The Babylonians used an excellent value for the square root of 2, found on the clay tablet YBC 7289 from around 1650 or 1700 BC:

1;24,51,10 = 1 + 24/60 + 51/60x60 + 10/60x60x60

YBC 7289 1.4142129...

exact value 1.4142135...

How did the Babylonians possibly find this value?

1 1 2

2 3 4

5 7 10

12 17 24

29 41 58

70 99 140

169 239 338

408 577 816

985----1393

Divide 1393 by 985 and you obtain 1;24,51,10,3,2... Leave out the small numbers ...3,2... and keep the value 1;24,51,10.

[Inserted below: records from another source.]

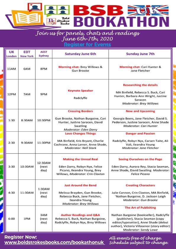 Here is the link to the program and to register (it’s free): https://bookathon.boldstrokesbooks.com/bookathon-uk-june-2020/
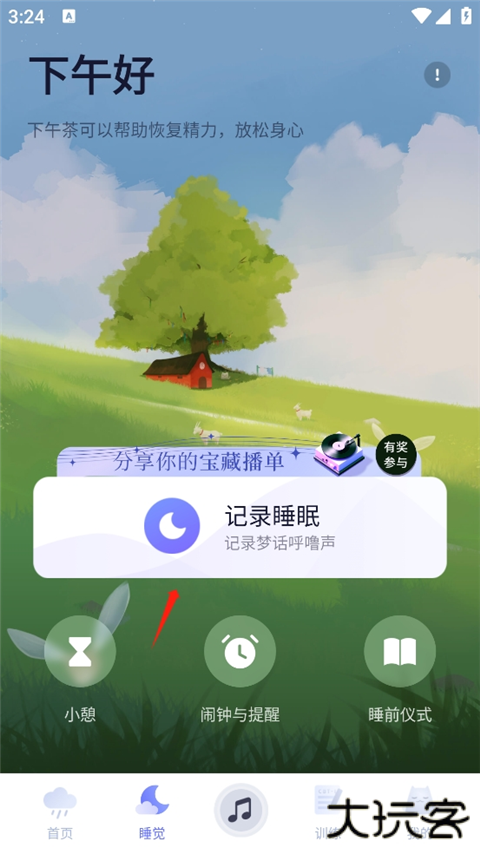 1、用户打开应用进入首页选择下部菜单栏中的"睡觉",点击"开始记录睡眠"。
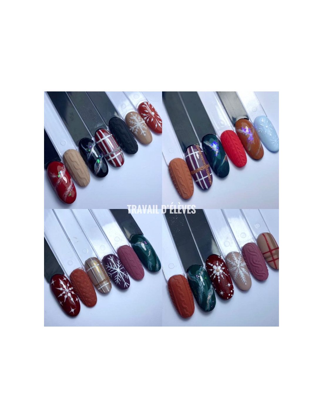 Plongez dans l’univers du nail art saisonnier et apprenez à réaliser des décorations rapides et tendances, parfaitement adaptées au travail de salon. Babyboomer, babycolor, dégradés, effet pull et autres designs faciles à reproduire : vous repartirez avec une multitude d’idées à proposer à vos clientes dès le lendemain.
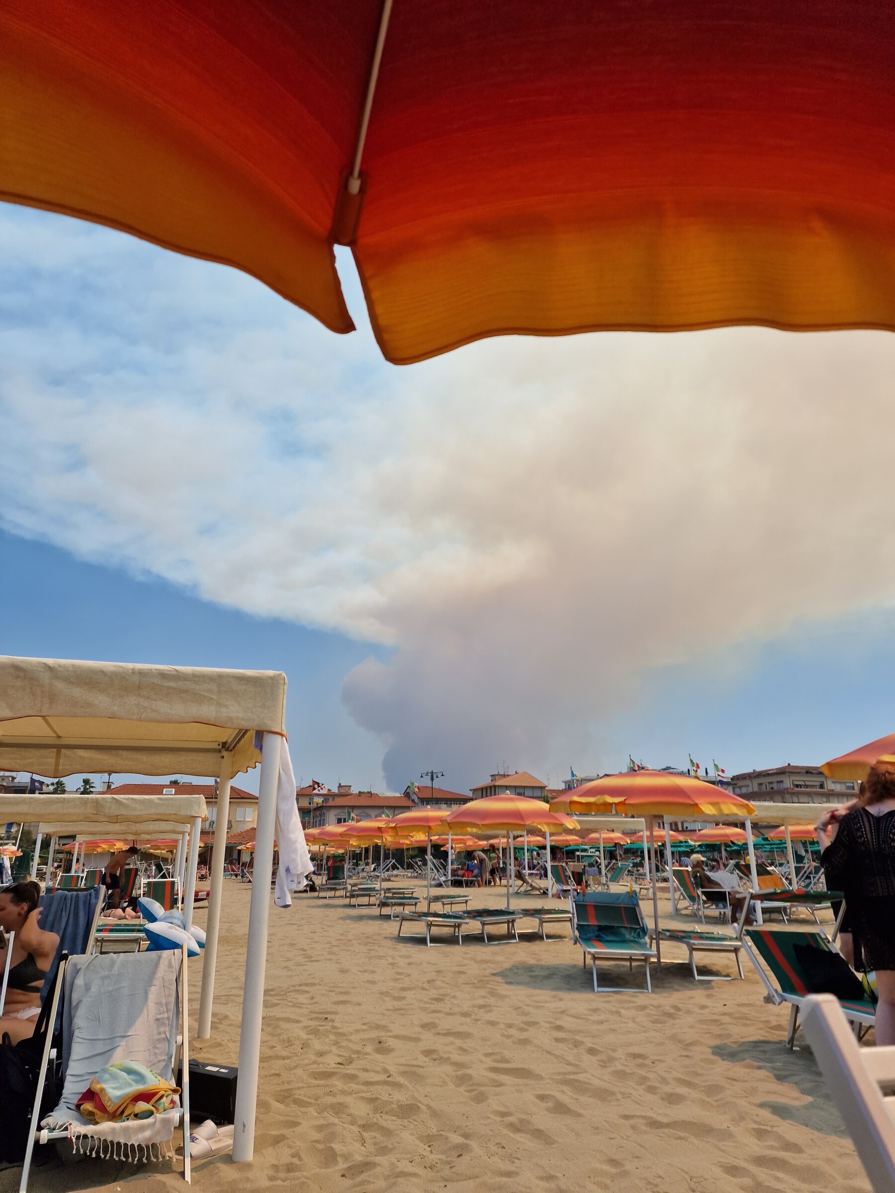 Autosnelweg naar Lucca afgesloten. Daar reden we gisteren nog. Vaag zonnetje hier in Viareggio door rookpluim. Blusvoertuigen duiken hier voor de kust met buik het water in en vliegen weer naar de brand. Inmiddels dalen hier ook asdeeltjes neer.
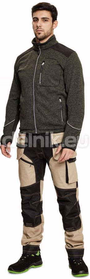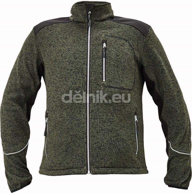 pánský svetr z melírovaného úpletu se zapínáním na zip; zesílená část v oblasti ramen a rukávů softshellovým materiálem; 2 přední kapsy na zip; 1 náprsní kapsa na zip; nastavitelná šíře spodního lemu; očko na palec na konci rukávu; svrchní materiál: 100 % polyester, 265 g/m²
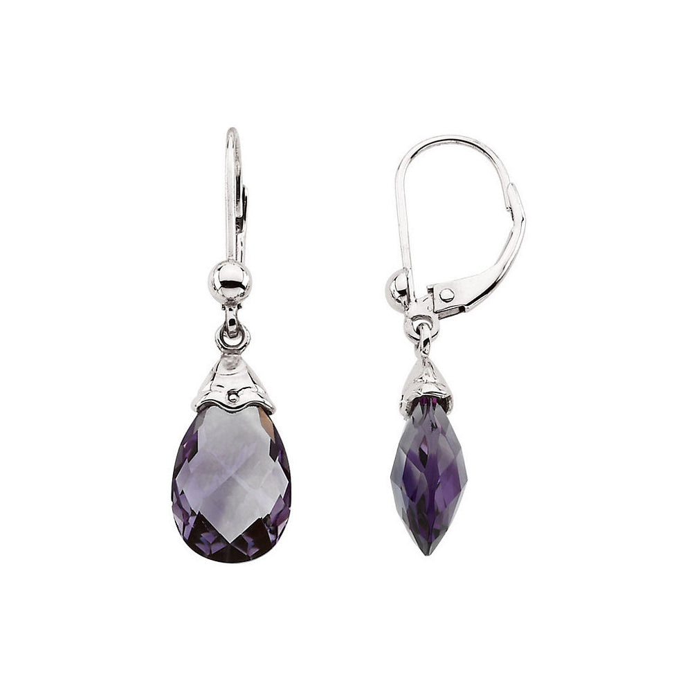 Amethyst Briolette & 14k White Gold Lever Back Earrings

Archimedes used the ratios 265/153 and 1351/780 as boundaries for the square root of 3.

1 1 3

2 4 6

1 2 3

3 5 9

8 14 24

4 7 12

11 19 33

30 52 90

15 26 45

41 71 123

112 194 336

56 97 168

153-----265 459

418 724 1254

209 362 627

571 989 1713

1560 2702

780----1351

Lesson 16

Victor J. Katz, A HISTORY OF MATHEMATICS, Addison-Wesley 1998, page 46, The Beginnings of Mathematics in Greece:

'A report from a visit to Egypt with Plato by Simmias of Thebes in 379 B.C.E. (from a dramatization by Plutarch of Chaeronea (first/second century C.E.)): "On our return from Egypt a party of Delians met us ... and requested Plato, as a geometer, to solve a problem set them by the god in a strange oracle. The oracle was to this effect. The present troubles of the Delians and the rest of the Greeks would be at an end when they had doubled the altar at Delos. As they not only were unable to penetrate its meaning, but failed absurdly in constructing the altar ..., they called on Plato for help in their difficulty. Plato ... replied that the god was ridiculing the Greeks for their neglect of education, deriding, as it were, our ignorance and bidding its engage in no perfunctory study of geometry; for no ordinary or near-sighted intelligence, but one well versed in the subject, was required to find two mean proportionals, that being the only way in which a body cubical in shape can be doubled with a similar increment in all dimensions. This would be done for them by Eudoxus of Cnidus ...; they were not, however to suppose that it was this the god desired, but rather that he was ordering the entire Greek nation to give up war and its miseries and cultivate the Muses, and by calming their passions through the practice of discussion and study of mathematics, so to live with one another that their relationships should be not injurious, but profitable."'

How did Eudoxus solve the problem? He is known for a ladder of numbers that allows to double the square:

1 1

2 3 a b

5 7 a+b a+b+a

12 17

29 41

70 99

.......

Domingo Gomez Morin expanded Eudoxus' ladder as follows:

1 1 1

3 4 5 a b c

12 15 19 a+b+c a+b+c+a a+b+c+a+b

46 58 73

177 223 281

............

This ladder allows to double the cube and was certainly known to Eudoxus.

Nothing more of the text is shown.